Disney, the parent company for ABC and Hulu, announced on Friday that it has sold our all commercial inventory tied to Sunday’s 97th Academy Awards – TV, streaming, social, and more. The company had been charging $1.7 million to $2.3 million  for 30 seconds of commercial time on the TV broadcast, long seen as something of the Super Bowl of annual entertainment events, according to Variety.

Top sponsors of the Oscars include Rolex, Prudential, and T-Mobile, but also include some less traditional advertisers including Audible, L’Oreal Paris, Planet Oat, Skinny Pop Popcorn, Wingstop, and Hiscox Insurance. “We are seeing people and brands really want to attach themselves to cultural currency and cultural conversations,” John Campbell, senior VP of entertainment and streaming solutions for Disney Advertising, told Variety. Disney saw “this flurry of demand coming out of our upfront last year. We had the vast majority of our units sold weeks in advance of the show.”

Juliette Binoche, Pedro Almodóvar, Mohammad Rasoulof join support of persecuted Iranian filmmakers

Juliette Binoche, Pedro Almodóvar, and Iranian filmmaker Mohammad Rasoulof have joined a petition campaign in support of persecuted Iranian filmmakers Maryam Moghadam and Behtash Sanaeeha, the husband-and-wife directors who have run afoul of Iran’s authoritarian Islamic Republic since 2023 over their feature My Favourite Cake, which had its world premiere a year ago at the 2024 Berlin Film Festival.
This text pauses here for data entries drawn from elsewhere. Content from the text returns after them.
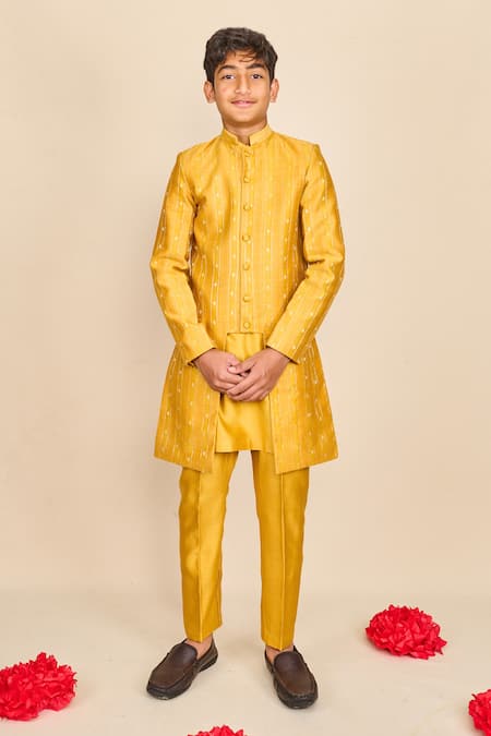 Honey yellow achkan featuring zari stripe woven motifs and a band collared neckline. Paired with a coordinating kurta and pyjama.
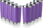 20oz Stainless Steel Tumbler Bulk with Lid, Double Wall Vacuum Insulated Travel Mug, Powder Coated Coffee Cup Powder Purple, 8 DURABLE EXTERIOR WALL: The tumbler pack are made with high-grade 304 18/8 Food Grade steel, anti-rust and lead free, unbreakable and stands up to heavy use through every season. Clear press-on top helps you see what's inside. EXCELLENT TEMPERATURE RETENTION DESIGN: The bulk cups keep your on-the-go beverages hot for three hours or cold for nine hours, perfect for daily use. MULTIFUNCTIONAL USE: Superior powder coating finish against chips and scratches, sweat free, outside stays dry. Grip fits easily in your hand, fits in most vehicle holders. EASY CLEANING: Hand washing is recommended, electro-polished interior doesn't transfer flavor & no aftertaste. You don't have to worry about your morning or afternoon teas being ruined. SATISFACTION GUARANTEE SERVICE: We are determined to provide the best product and high quality service. If you have any question, pls contact me as soon as possible. The video showcases the product in video guides you through product video compares multiple video shows the product being unpacked.
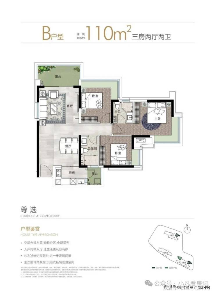 设计的是竖厅南北通透格局,进门入户玄关,客厅3.9米开间,LDKB一体化设计,动静分区,3个卧室分别做到了主卧16m/次卧12.3m/次卧9.56m(包含墙体飘窗),L型厨房还带1个小生活阳台,卫生间干湿分离,得房率约79.24%(不含赠送),东北朝向。

Binoche, Almodóvar, and Rasoulof, who fled Iran last year to escape a prison sentence tied to his work, are among 3,500 people working in film who have signed the petition calling on Islamic Republic authorities to immediately and unconditionally clear all charges targeting Mogadam and Sanaeeha. The petition can be accessed here. My Favourite Cake tells a story of love and loss surrounding a 70-year-old widow who reconnects with life’s small pleasures following her husband’s death.